Semblances of Sovereignty: The Constitution, the State, and American Citizenship
Posted: 3 May 2002
Date Written: 2002
Abstract
In a set of cases decided at the end of the nineteenth century, the Supreme Court declared that Congress had "plenary power" to regulate immigration, Indian tribes, and newly acquired territories. Not coincidentally, the groups subject to Congress' plenary power were primarily non-white and generally perceived as "uncivilized." The Court left Congress free to craft policies of assimilation, exclusion, paternalism, and domination.
Despite dramatic shifts in constitutional law in the twentieth century, the plenary power case decisions remain largely the controlling law. The Warren Court, for all its recognition of individual rights - based on an agenda of full and equal citizenship - neglected immigrants, the tribes and the territories. The Rehnquist Court has appropriated the Warren Court's rhetoric of citizenship, but has used it to bolster strong notions of national sovereignty and to limit conceptions of subnational autonomy and forms of belonging beyond citizenship.

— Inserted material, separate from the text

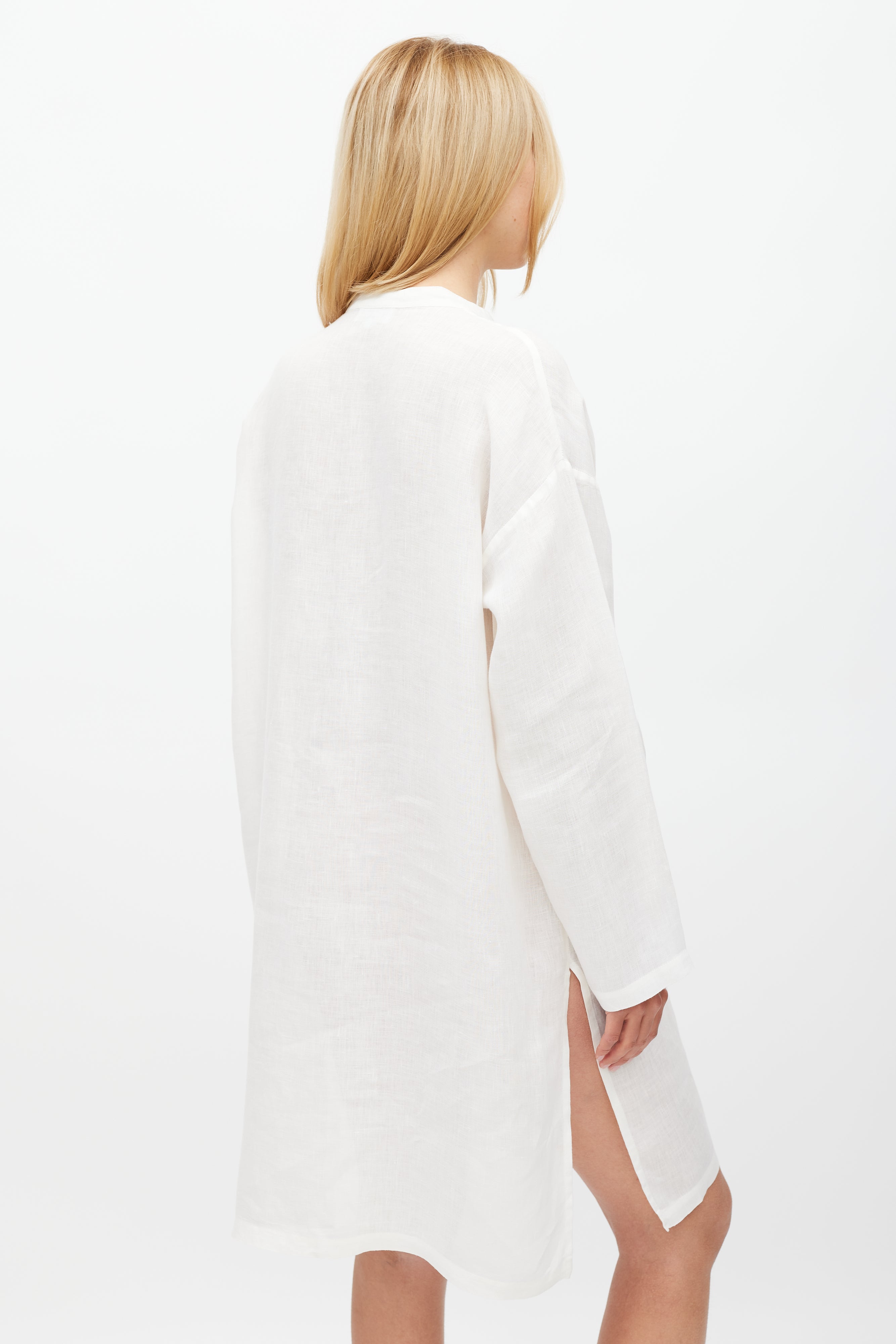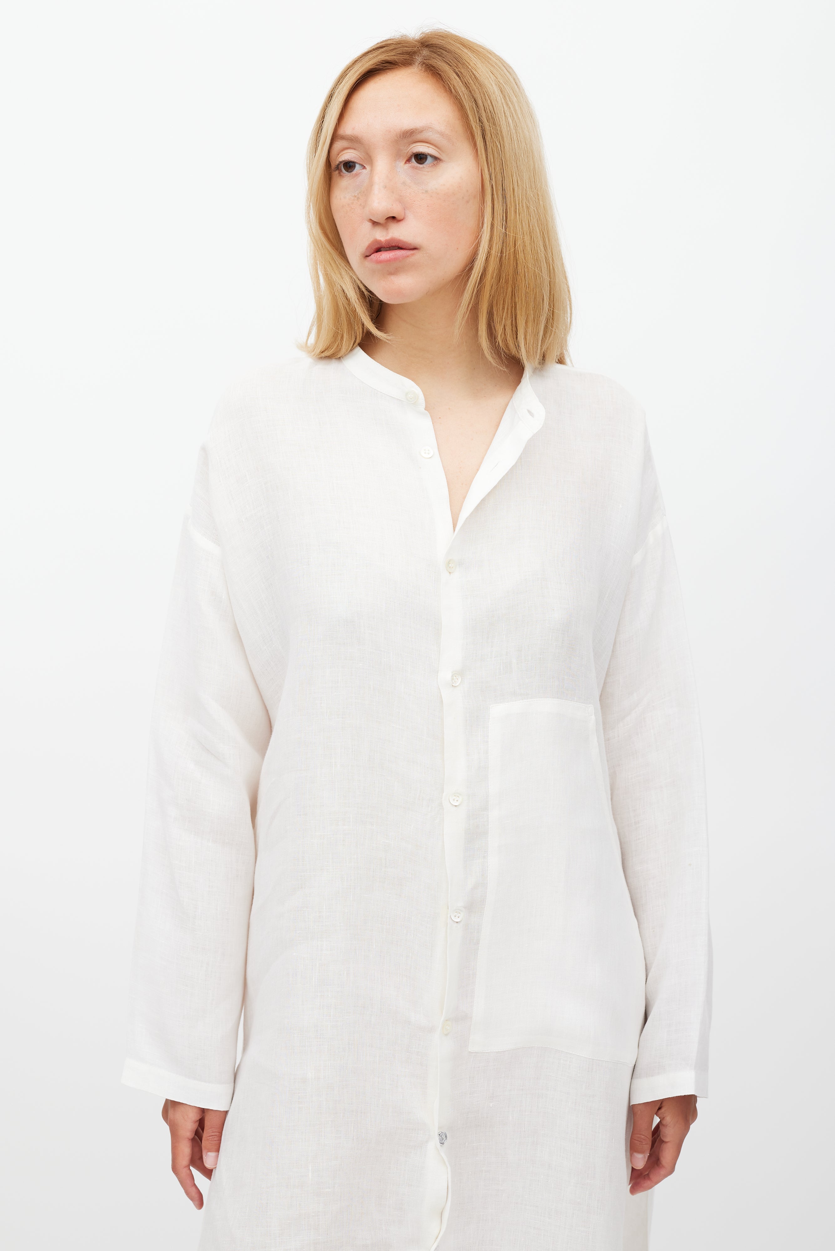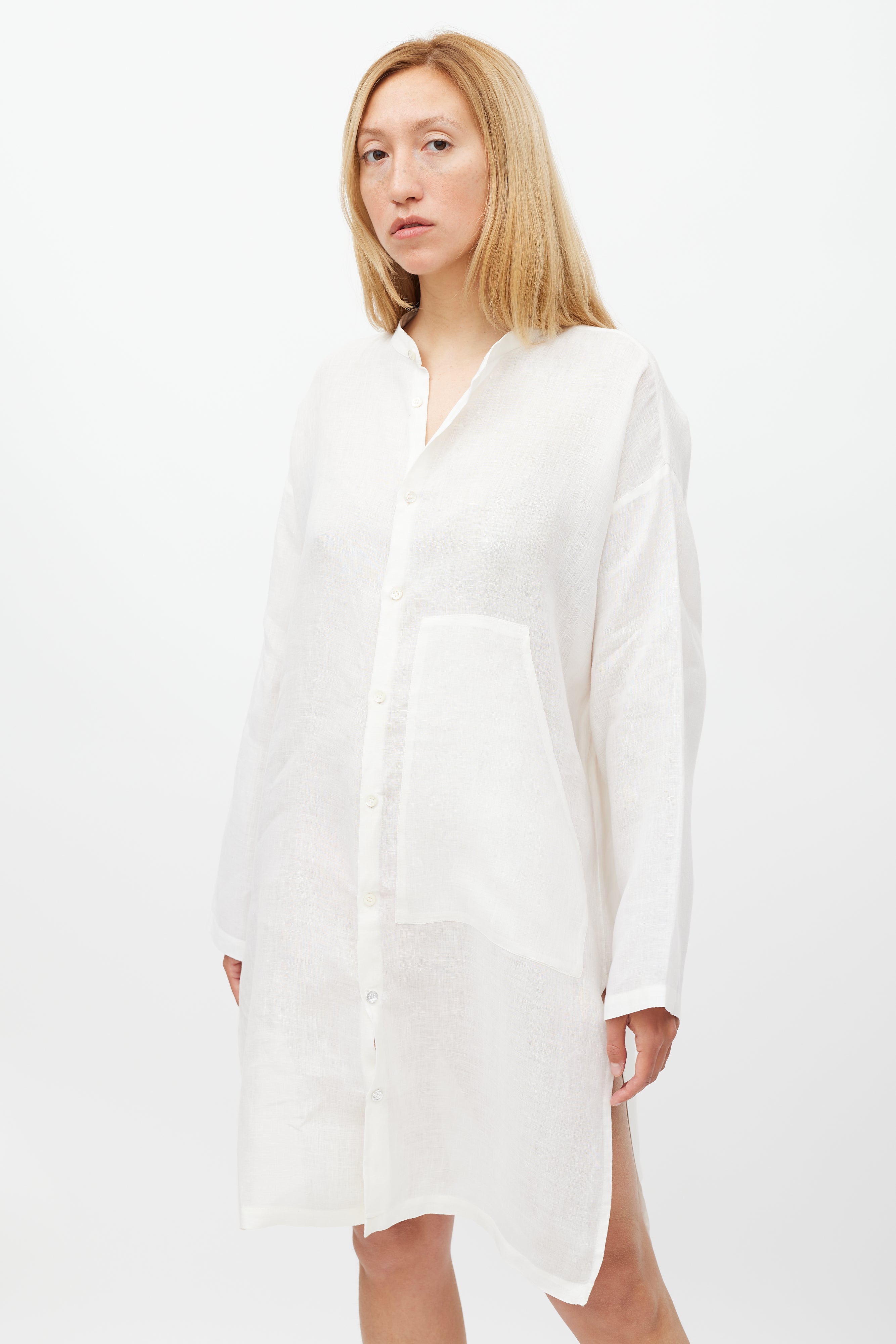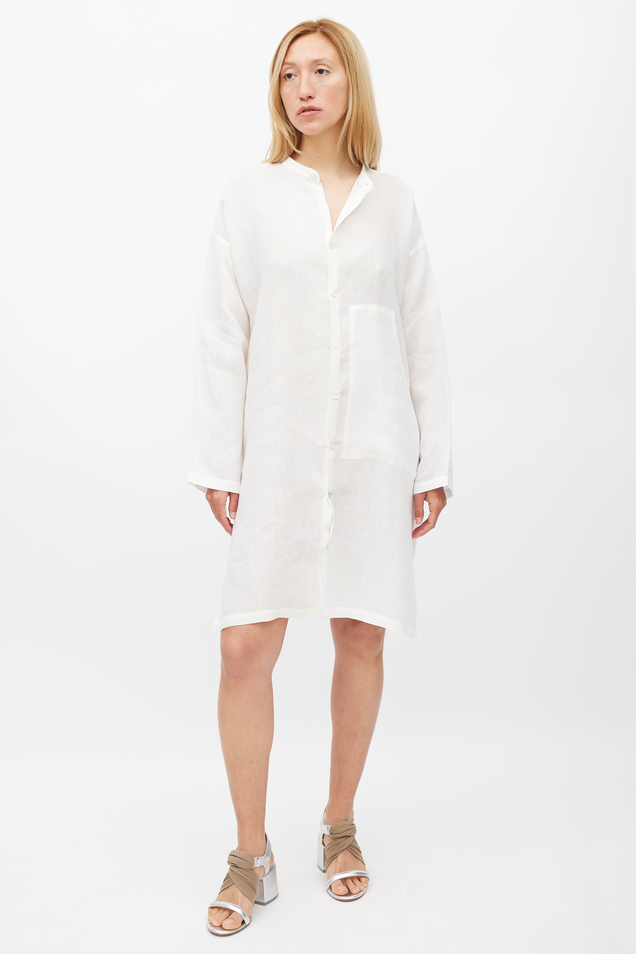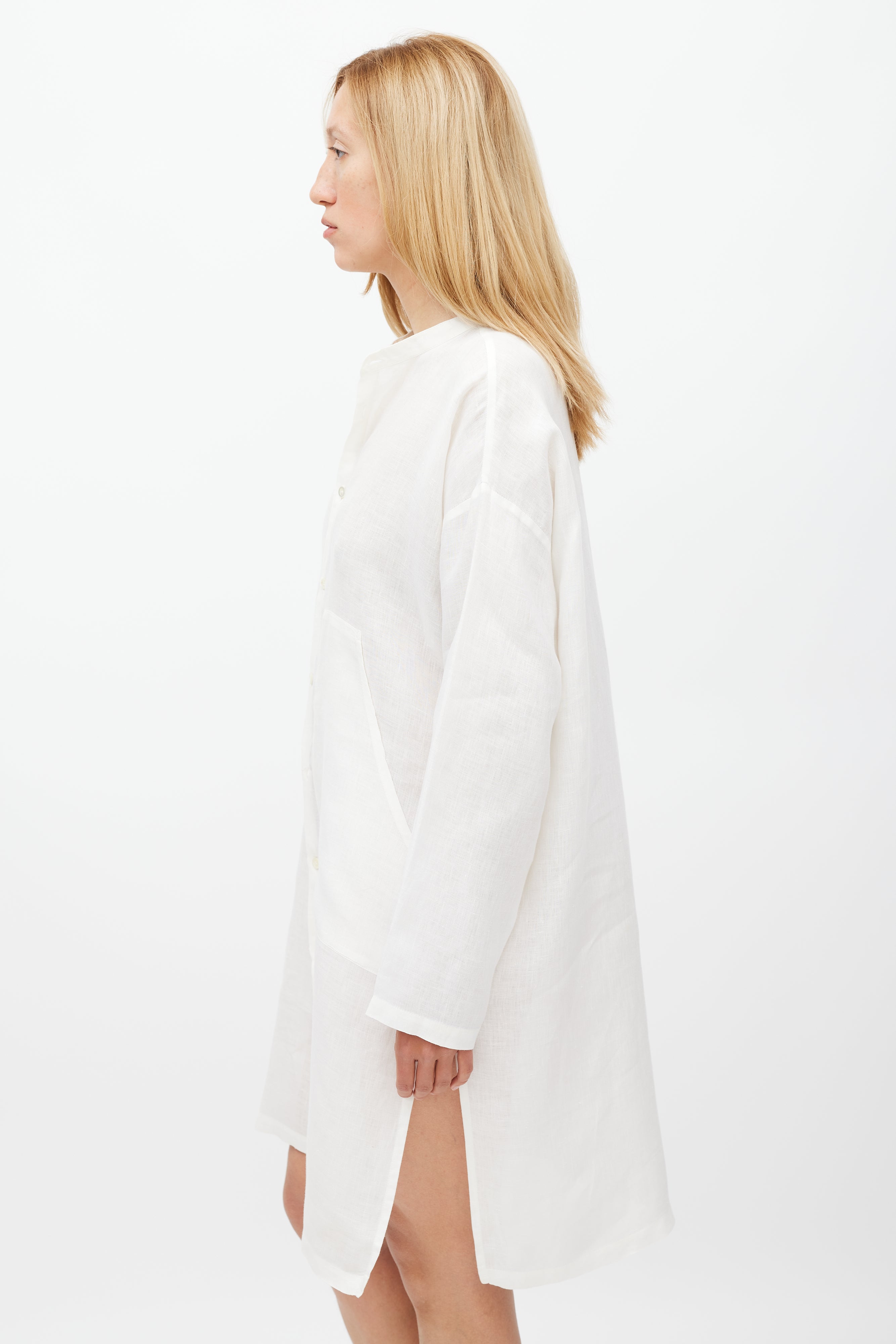 Pre-owned Eskandar white linen shirt dress featuring a round neckline, long sleeves, one patch pocket at front, and button up closure.

Although paid little attention in constitutional scholarship, casebooks or theory, the plenary power cases have had remarkable influence on federal policy. The book argues for abandonment of the plenary power cases and for more flexible concepts of membership and sovereignty. The federal government ought to negotiate compacts with Indian tribes and the territories that affirm more durable forms of self-government. Citizenship should be "decentered" - understood as a commitment to an intergenerational national project, not a basis for denying rights to immigrants.
More broadly, the book argues for recognition of the nascent field "sovereignty studies" within constitutional law. These kinds of questions will grow more important in the future, as the United States finds itself in an increasingly interdependent world.